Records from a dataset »
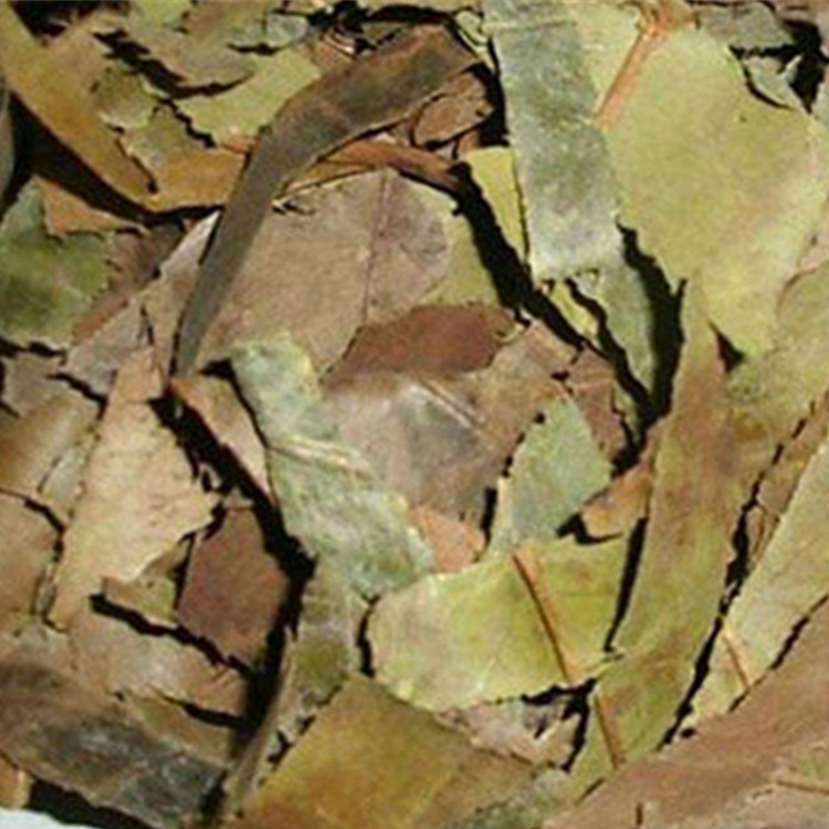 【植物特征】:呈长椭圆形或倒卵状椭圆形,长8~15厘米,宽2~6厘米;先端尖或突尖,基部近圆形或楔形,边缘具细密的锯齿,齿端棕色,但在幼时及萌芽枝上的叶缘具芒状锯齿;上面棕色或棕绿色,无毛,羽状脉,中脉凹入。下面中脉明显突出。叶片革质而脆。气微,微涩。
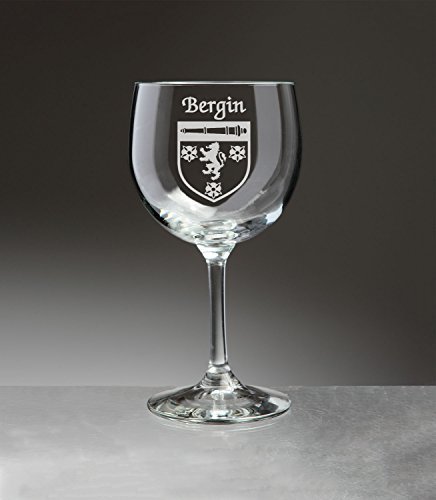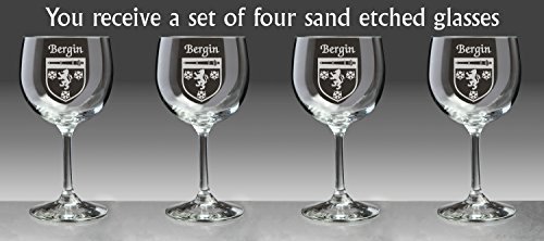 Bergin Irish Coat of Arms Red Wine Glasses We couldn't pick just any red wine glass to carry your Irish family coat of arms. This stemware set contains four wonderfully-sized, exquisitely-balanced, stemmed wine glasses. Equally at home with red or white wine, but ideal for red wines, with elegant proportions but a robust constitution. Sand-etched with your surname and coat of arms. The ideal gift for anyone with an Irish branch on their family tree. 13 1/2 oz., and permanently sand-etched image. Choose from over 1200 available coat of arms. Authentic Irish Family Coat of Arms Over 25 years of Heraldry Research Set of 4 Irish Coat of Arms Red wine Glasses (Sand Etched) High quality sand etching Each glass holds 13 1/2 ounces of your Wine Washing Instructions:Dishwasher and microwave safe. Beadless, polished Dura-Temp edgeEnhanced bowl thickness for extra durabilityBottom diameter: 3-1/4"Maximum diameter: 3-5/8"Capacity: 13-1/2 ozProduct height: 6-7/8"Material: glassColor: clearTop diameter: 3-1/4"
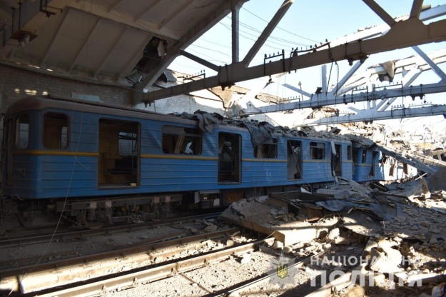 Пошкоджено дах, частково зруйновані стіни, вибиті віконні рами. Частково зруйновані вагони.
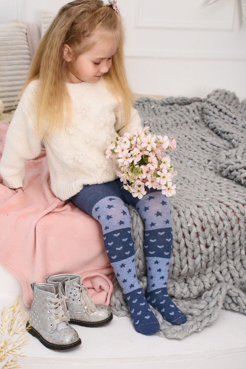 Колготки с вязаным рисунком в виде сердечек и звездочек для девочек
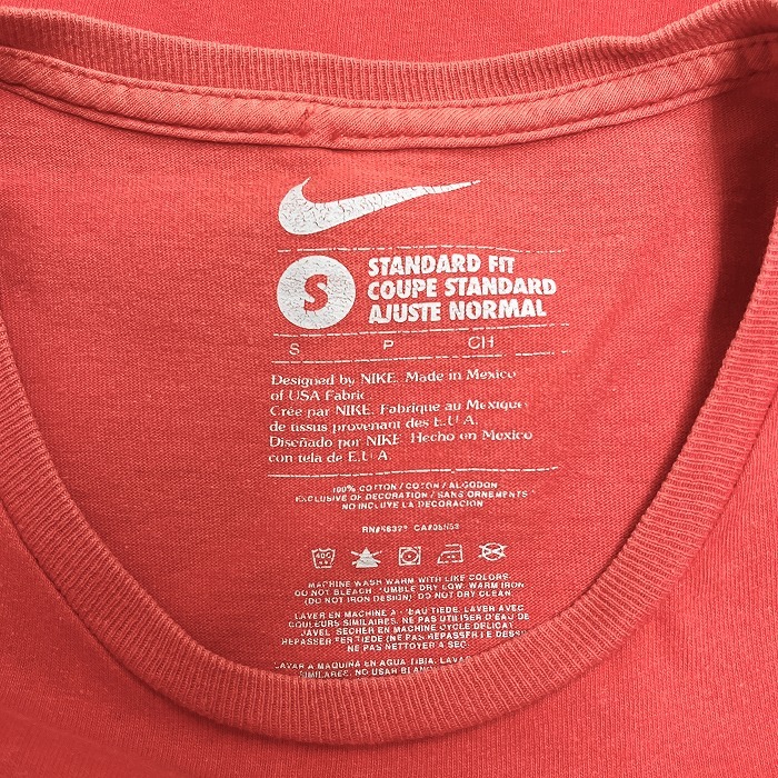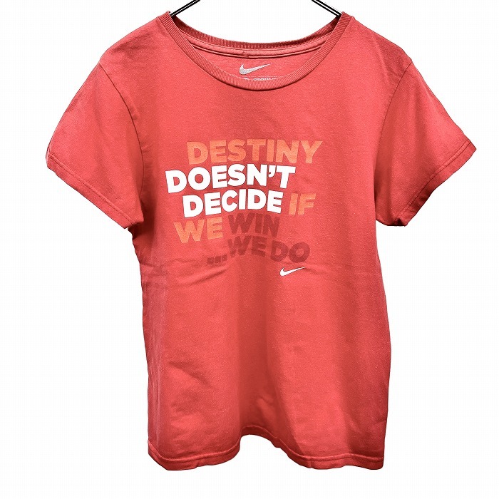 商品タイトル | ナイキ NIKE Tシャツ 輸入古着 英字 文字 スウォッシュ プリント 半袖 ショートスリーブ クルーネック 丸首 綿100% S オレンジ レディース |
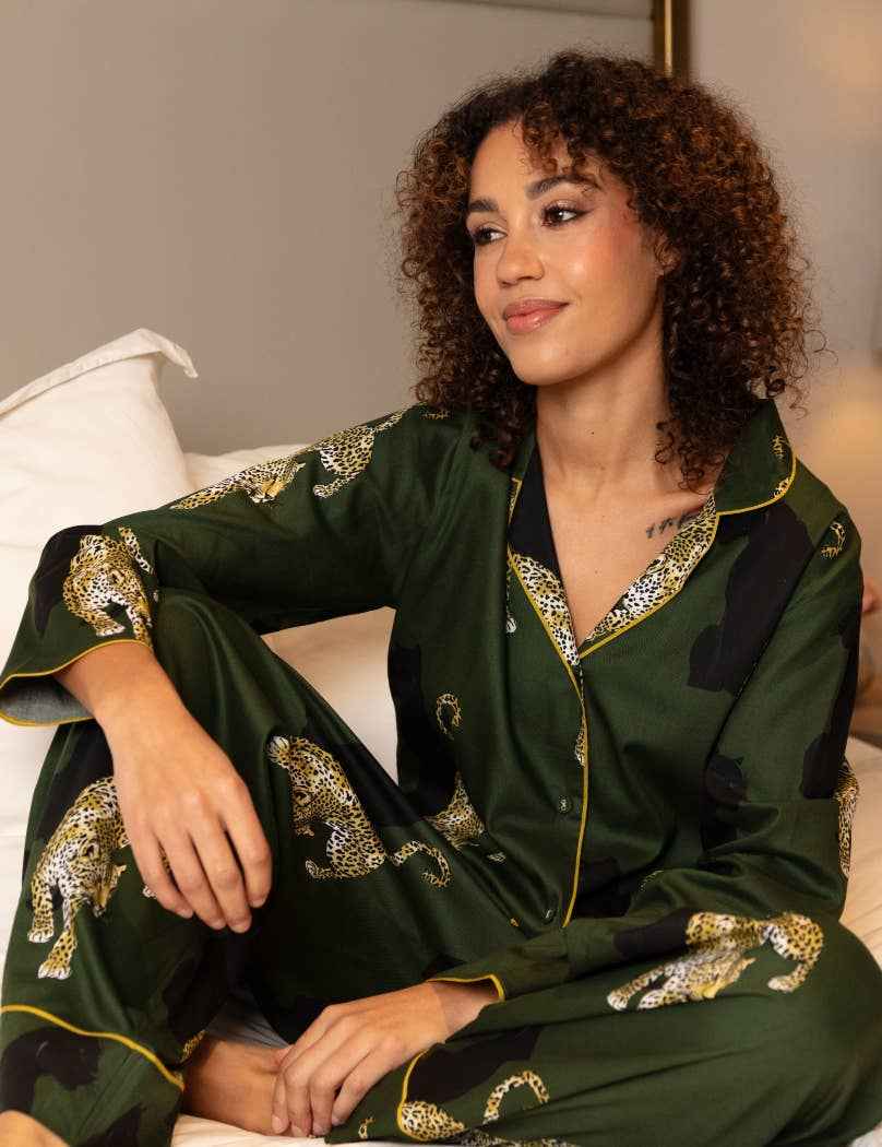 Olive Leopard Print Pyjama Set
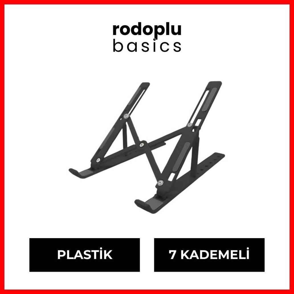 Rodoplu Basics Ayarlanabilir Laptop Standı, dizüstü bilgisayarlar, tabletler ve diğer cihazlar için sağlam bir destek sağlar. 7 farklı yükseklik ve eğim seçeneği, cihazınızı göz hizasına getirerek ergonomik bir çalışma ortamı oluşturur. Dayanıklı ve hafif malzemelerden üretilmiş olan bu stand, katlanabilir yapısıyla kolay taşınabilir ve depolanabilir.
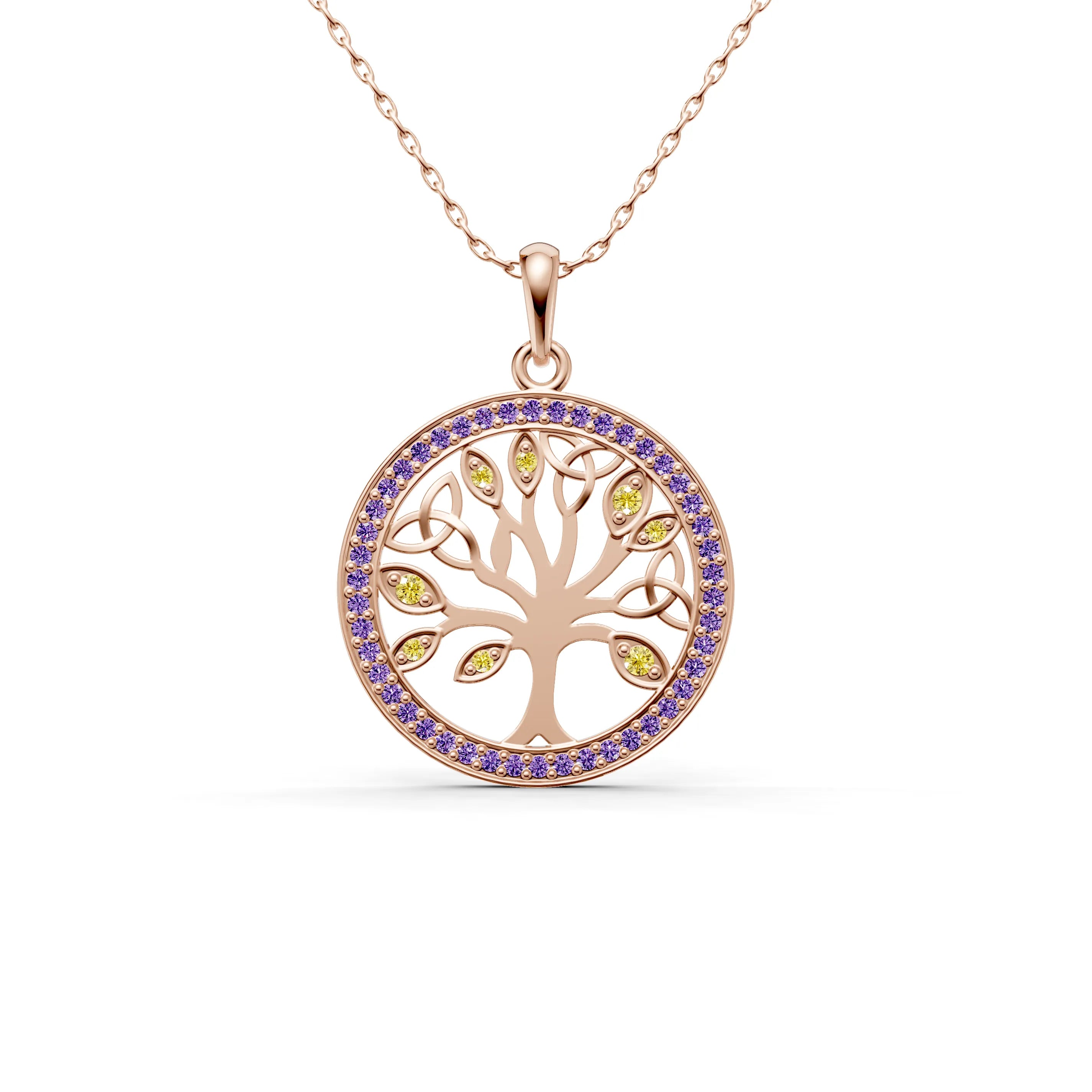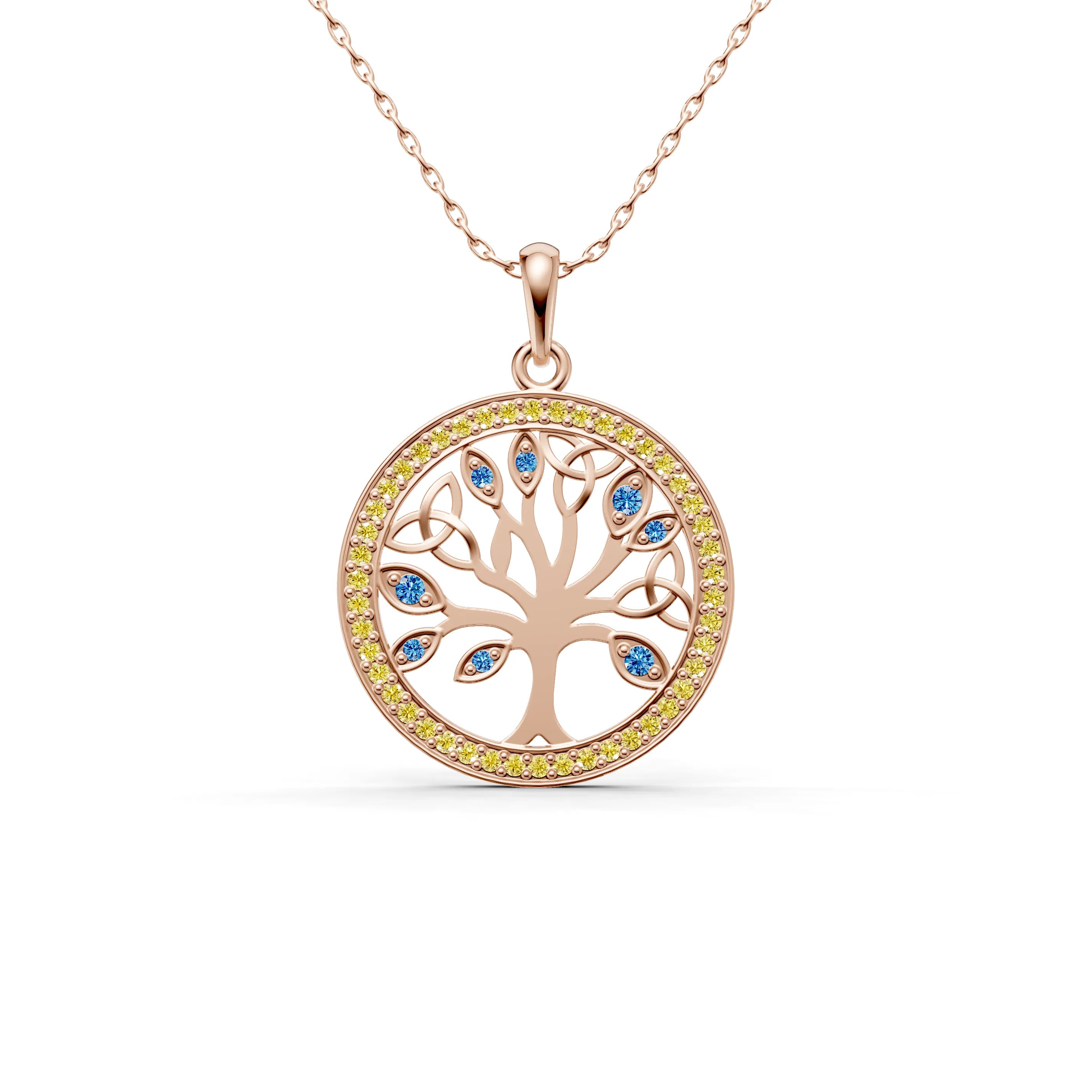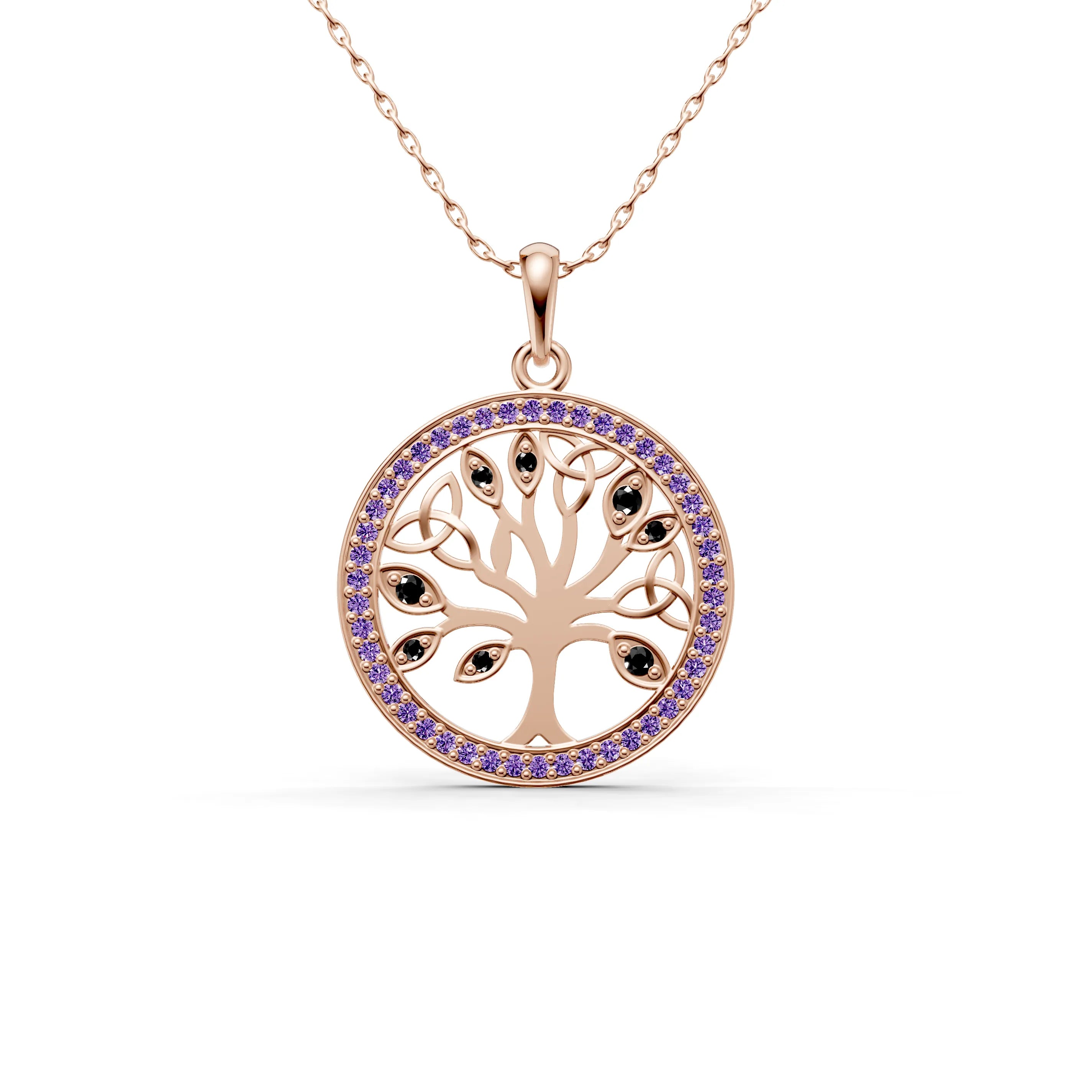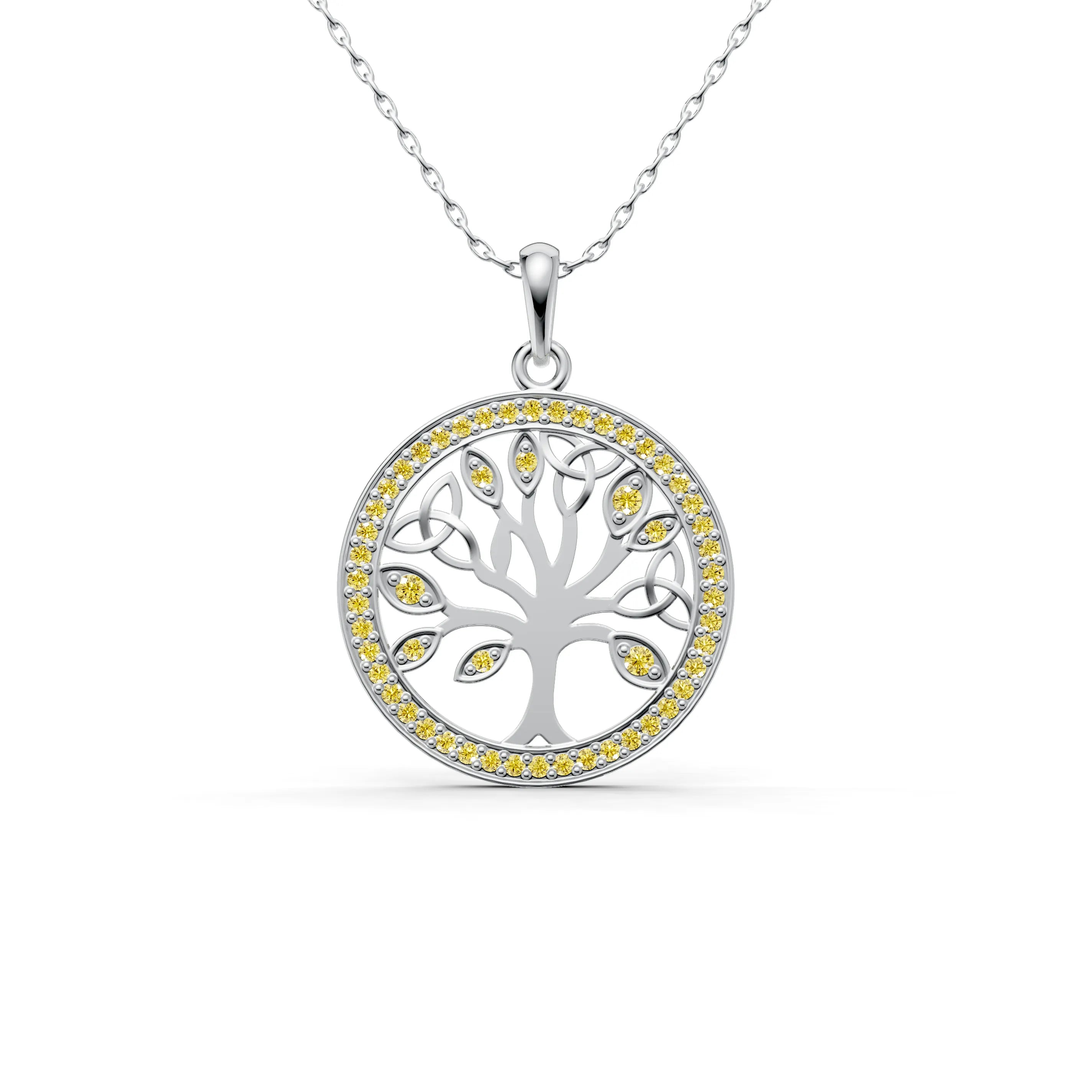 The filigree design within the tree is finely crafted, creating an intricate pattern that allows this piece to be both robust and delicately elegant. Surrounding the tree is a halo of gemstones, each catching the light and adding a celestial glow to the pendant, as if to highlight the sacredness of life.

Problem statement » Leave out the pictures, and please output only the lines from the line that contains "商品タイトル | ナイキ" through the end of the data, both ends included.

Your response »
 商品タイトル | ナイキ NIKE Tシャツ 輸入古着 英字 文字 スウォッシュ プリント 半袖 ショートスリーブ クルーネック 丸首 綿100% S オレンジ レディース |
 Olive Leopard Print Pyjama Set
 Rodoplu Basics Ayarlanabilir Laptop Standı, dizüstü bilgisayarlar, tabletler ve diğer cihazlar için sağlam bir destek sağlar. 7 farklı yükseklik ve eğim seçeneği, cihazınızı göz hizasına getirerek ergonomik bir çalışma ortamı oluşturur. Dayanıklı ve hafif malzemelerden üretilmiş olan bu stand, katlanabilir yapısıyla kolay taşınabilir ve depolanabilir.
 The filigree design within the tree is finely crafted, creating an intricate pattern that allows this piece to be both robust and delicately elegant. Surrounding the tree is a halo of gemstones, each catching the light and adding a celestial glow to the pendant, as if to highlight the sacredness of life.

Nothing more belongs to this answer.